Rating:  Summary: You did not have Zero star Review: This is a racist book probably because his author is a Jew that hates Arabs.
Rating:  Summary: Comprehensive and accurate collective portrait Review: This is in my judgment a comprehensive and accurate portrait of the 'Arab Mind'. It is written with a clear affection for the Arab world and by one who had many good Arab friends. It helps explain much behavior which those of us who came to the Middle East in our adult years found puzzling.
One major example of this concerns the Arab relation to ' truth' The Arabs according to Patai do not have a concept of objective truth in the way Westerners do. The Arabs in general tell people what they believe others want to hear. This makes them excellent propagandists. They also themselves tend to live very much in a world of wishful thinking. Thus Arabs have difficulty taking responsibility for their own faults , and in general tend to look to blame others. For instance the whole story of their failure in modernization is told by them as the responsibility of the colonial imperial West. This is the line by the way taken in the academy even today by Arab apologists, most notably the late Edward Said. Patai shows how the flight from responsibility also has its damaging effect on Arab political life. He shows too how the endless conflicts within and between Arabs are inherent in the familial relations in the society.
Patai has many positive things to say about Arab values such as hospitality, generosity to guests, family concern. But above all his book explains to the reader why the Arab world today constitutes such a great problem to itself and to others.
The lack of tolerance for the beliefs of others, the inability to honestly criticize themselves , the male chauvinism and repression of female abilities all lead to the backwardness. And from the backwardness comes too those abhorrent forms of violence which unfortunately seem to be ( not as Patai hoped in 1983 when he wrote the book , diminishing) but rather increasing.
Rating:  Summary: A Neocon Bible? Review: Whatever the academic merits of "The Arab Mind," it appears to have been one of the sources of the Abu Ghraib prisoner abuse scandal. Veteran journalist Seymour Hersh writes in the May 24, 2004 edition of "The New Yorker": "The notion that Arabs are particularly vulnerable to sexual humiliation became a talking point among pro-war Washington conservatives in the months before the March, 2003, invasion of Iraq.

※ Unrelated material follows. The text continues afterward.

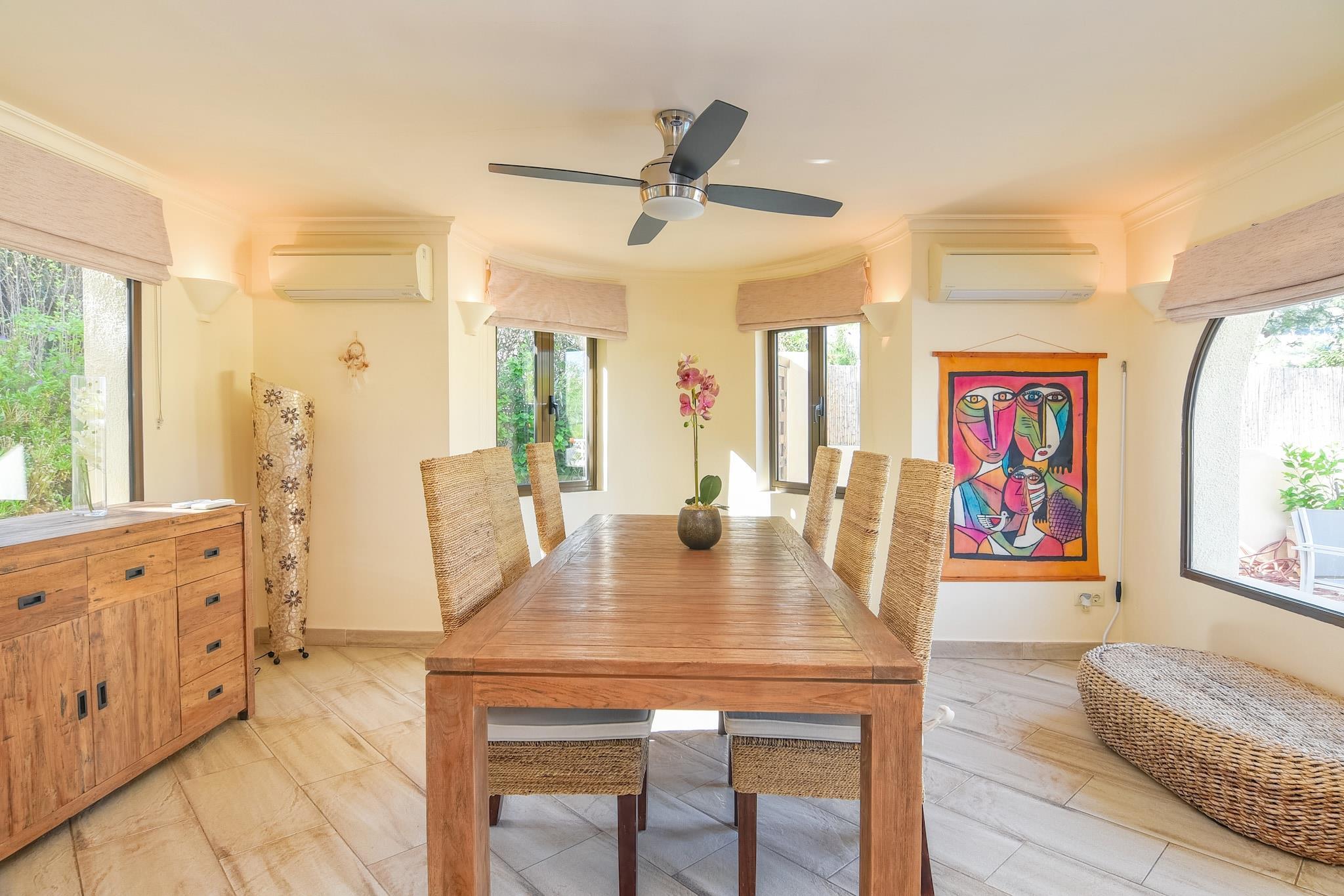 Dette feriehus med en fantastisk beliggenhed tæt ved havet og centrum er ideel til 1 eller 2 familier. Det har også en indhegnet privat swimmingpool til at nyde de forfriskende dukkert og masser af områder til at slappe af i solen. Moraira er en malerisk fiskerby på Costa Blanca. Det tilbyder en afslappet atmosfære og en smuk kystlinje med krystalklart vand, hvilket gør det til en populær destination for vandsportsentusiaster. Gå en tur i de smalle brostensbelagte gader, og oplev seværdigheder som Moraira-slottet fra det 18. århundrede. Supermarkedet ligger 1 km væk, og i Moraira finder du masser af hyggelige terrasser og restauranter. Sandstranden ligger 2,5 km derfra, og der er 2 km til vandsport. Hvis du kan lide at feste, så glem ikke at udforske nattelivet i denne region. En dagstur til Altea (25 km) eller Guadalest (25 km) er også umagen værd. Huset har en lukket have, der giver adgang via trappen til solterrassen med swimmingpool. Fra terrassen har du udsigt over den smukke dal Moraira. Sengene er redt ved ankomsten og der er WiFi i huset. Den nærmeste offentlige transport- og busforbindelse er 1,5 km væk, mens lufthavnen ligger 85 km væk.

One book that was frequently cited was "The Arab Mind," a study of Arab culture and psychology, first published in 1973, by Raphael Patai, a cultural anthropologist who taught at, among other universities, Columbia and Princeton, and who died in 1996. The book includes a twenty-five-page chapter on Arabs and sex, depicting sex as a taboo vested with shame and repression. "The segregation of the sexes, the veiling of the women . . . and all the other minute rules that govern and restrict contact between men and women, have the effect of making sex a prime mental preoccupation in the Arab world," Patai wrote. Homosexual activity, "or any indication of homosexual leanings, as with all other expressions of sexuality, is never given any publicity. These are private affairs and remain in private." The Patai book, an academic told me, was "the bible of the neocons on Arab behavior." In their discussions, he said, two themes emerged-"one, that Arabs only understand force and, two, that the biggest weakness of Arabs is shame and humiliation."" The rating is a reflection of the book's potential historical importance.
Rating:  Summary: The best classic on Arabs Review: When you read this book, you'll become interested in sociology as an interesting branch of human sciences. Patai is a genius. His book is by far the best in this respect.
For Arab readers: Read the book and in no time you'll find yourselves putting names to the abundant examples Patai cites.
The book deals with several interesting traits that most Arabs share in their inherent characters. These include the Arab unawareness of time, their tendency to speak more than they can actually deliver, their fixation with sex and their keenness to preserve Bedouin values which include preserving a group's honor by preserving the chastity of its female members.
Even though the book is academic, the style is entertaining as it alternates between theories and real life examples to illustrate them.
The book, a classic, is certainly worth a read. Try it!